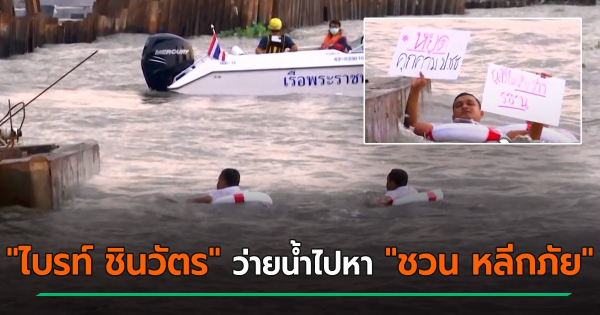ไบรท์ ชินวัตร โดดแม่น้ำเจ้าพระยาว่ายน้ำไปหา ชวน หลีกภัย ขอรับร่าง รธน. ประชาชน
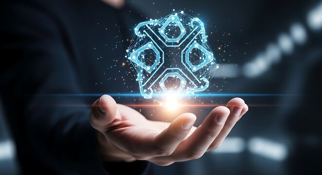 A hand presents a radiant, abstract digital corporate symbol, composed of interconnected blue lines and dots, signifying collaboration and advanced networking solutions.
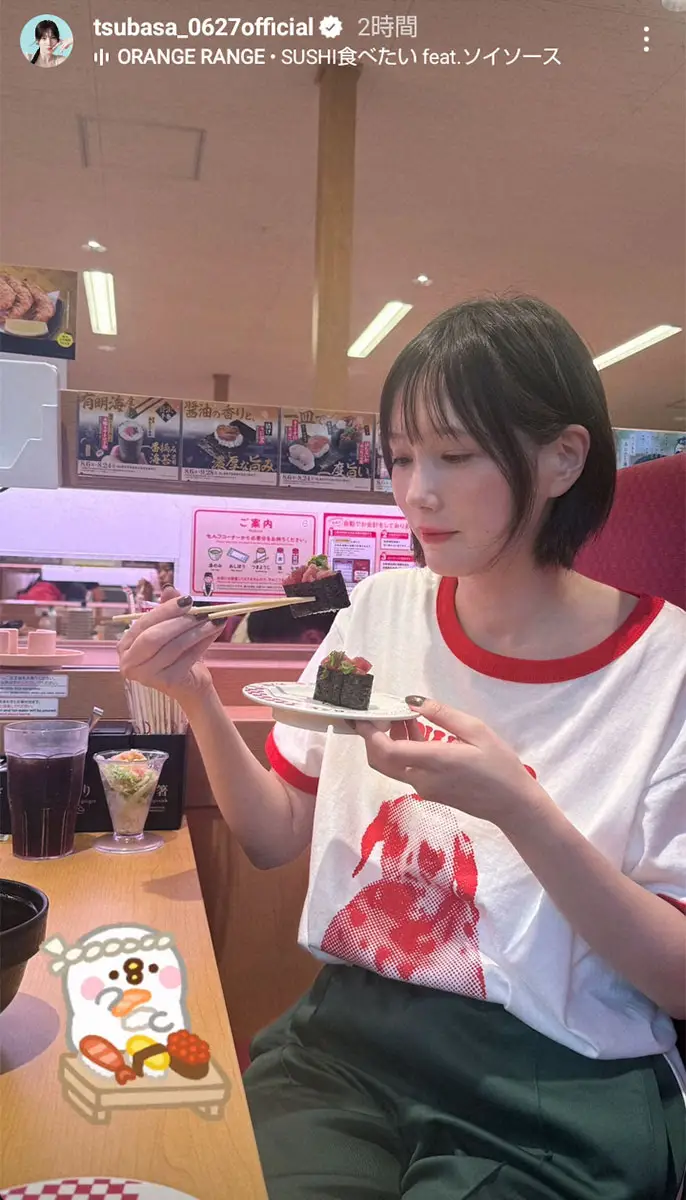 この姿にファンからは「軍艦巻き見つめてるだけでもう優勝してる」などの声が上がっていた。
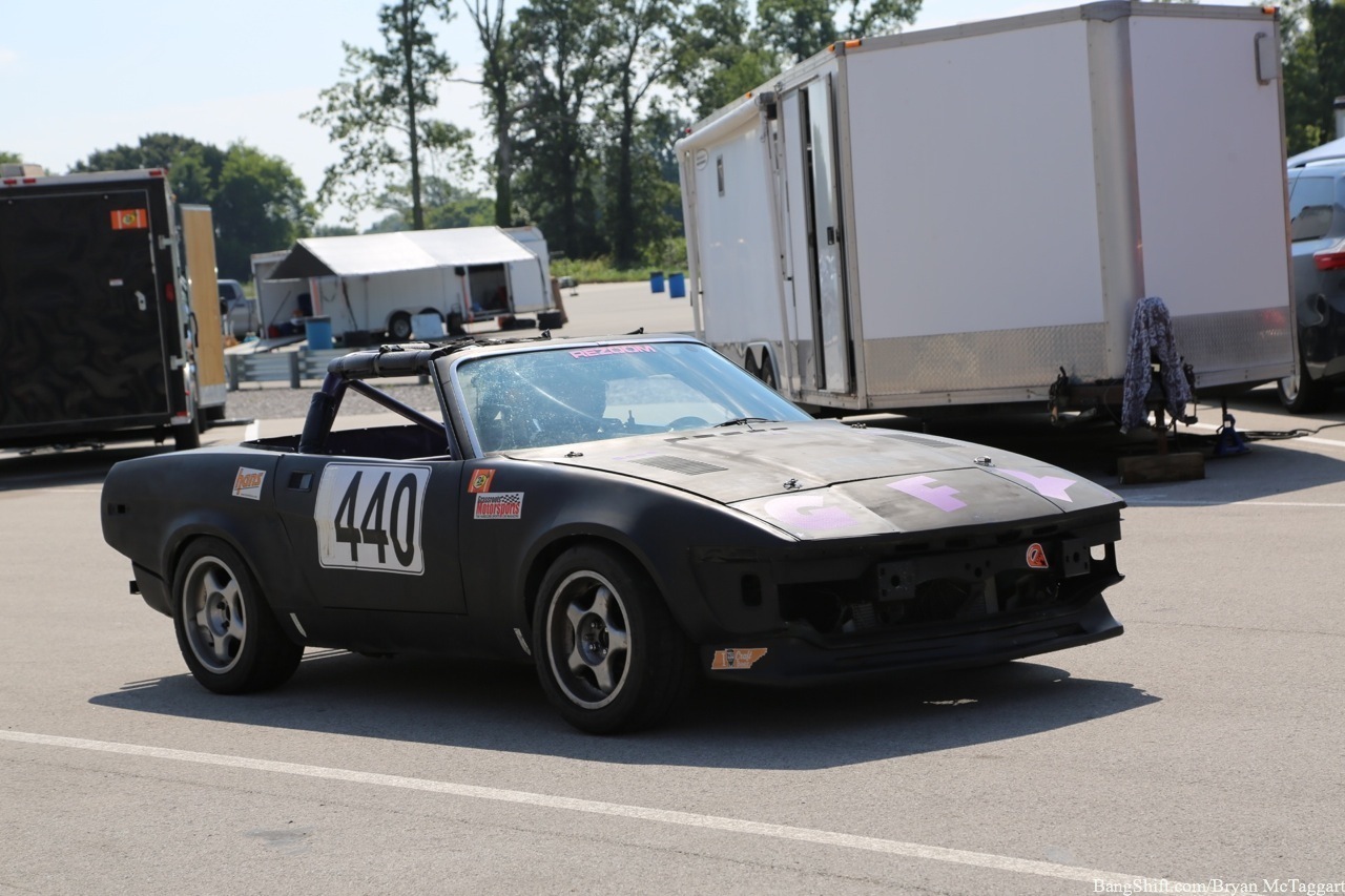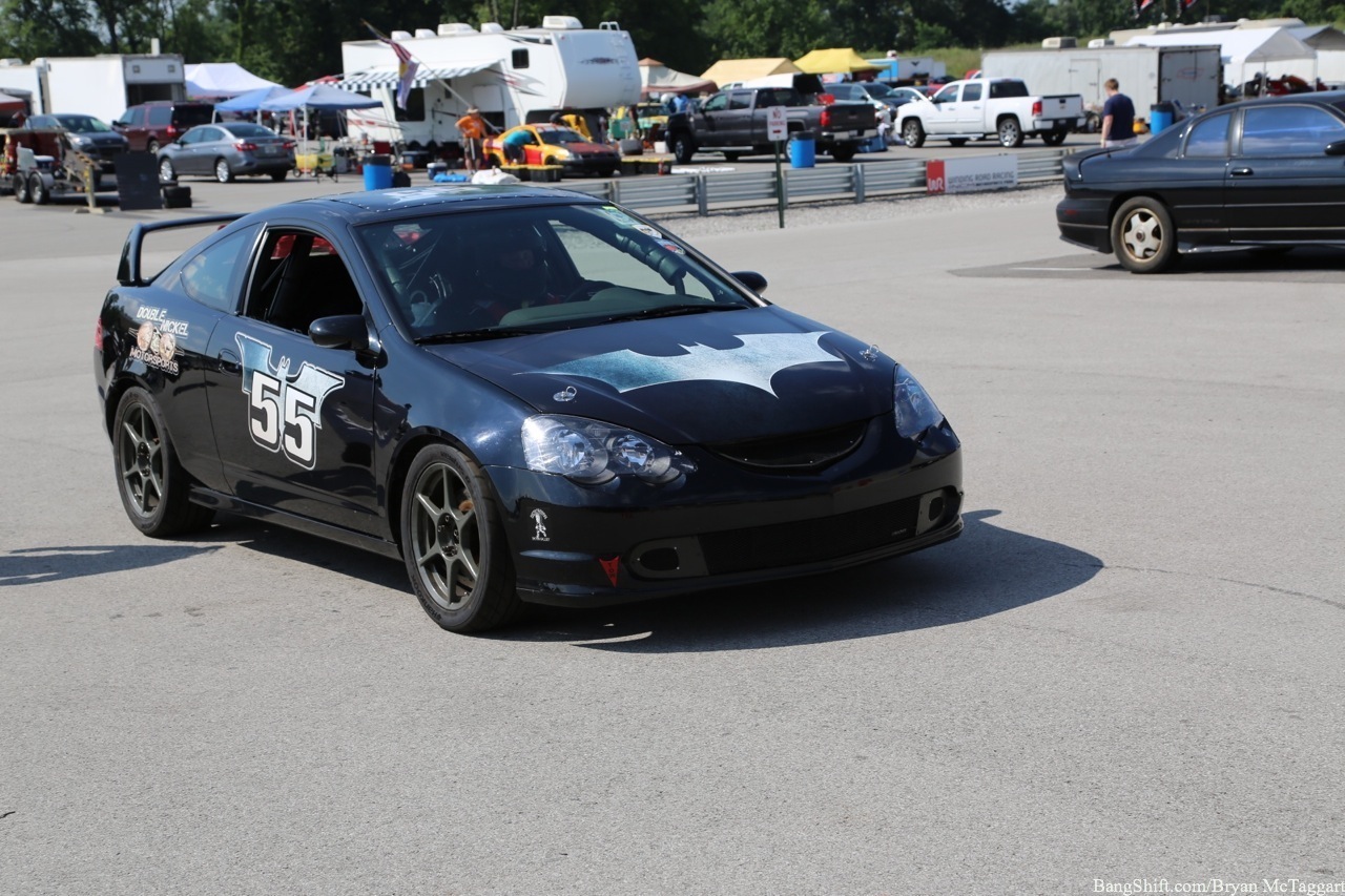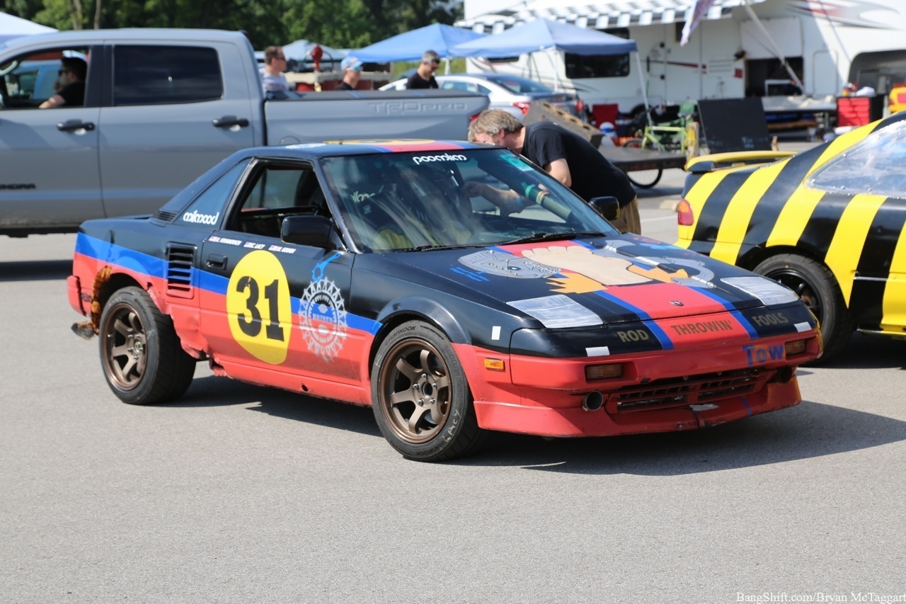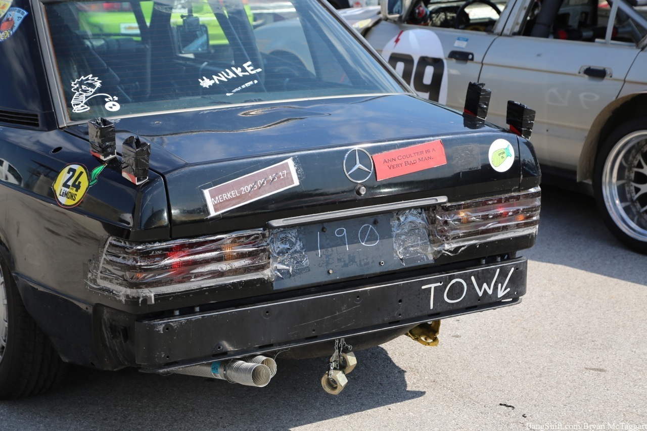 Cheap car racing is the best idea of the last twenty years. I’ve got nothing against demolition derbies as a way of thinning out the herd of beaters, but there is a distinct lack of massive barges out there that I’d be willing to use to bash into someone else with, and I’m not trusting a 1984 Cavalier to hold up, I don’t care who built the cage. Events like ChumpCar and the 24 Hours of LeMons, on the other hand, give old Trusty But Rusty one final shot at glory, a chance to be the race car they always had hoped to be…even though they had all the horsepower of a lawn tractor and could get stomped by a borrowed minivan in a stoplight drag. Since LeMons judge Eric Rood was in town to judge the “Kentucky (Demo) Derby” event at NCM Motorsports Park, I figured it was worth the effort to make a quick appearance in the heat and humidity to check out the sights and sounds.
* * * * *
— WHAT THE EXERCISE ASKS —
I would like the exact lines from the data above, starting with the one that holds "A hand presents" and going on through the one that holds "この姿にファンからは「軍艦巻", without the pictures.

— ANSWER FOR THIS EXERCISE —
 A hand presents a radiant, abstract digital corporate symbol, composed of interconnected blue lines and dots, signifying collaboration and advanced networking solutions.
 この姿にファンからは「軍艦巻き見つめてるだけでもう優勝してる」などの声が上がっていた。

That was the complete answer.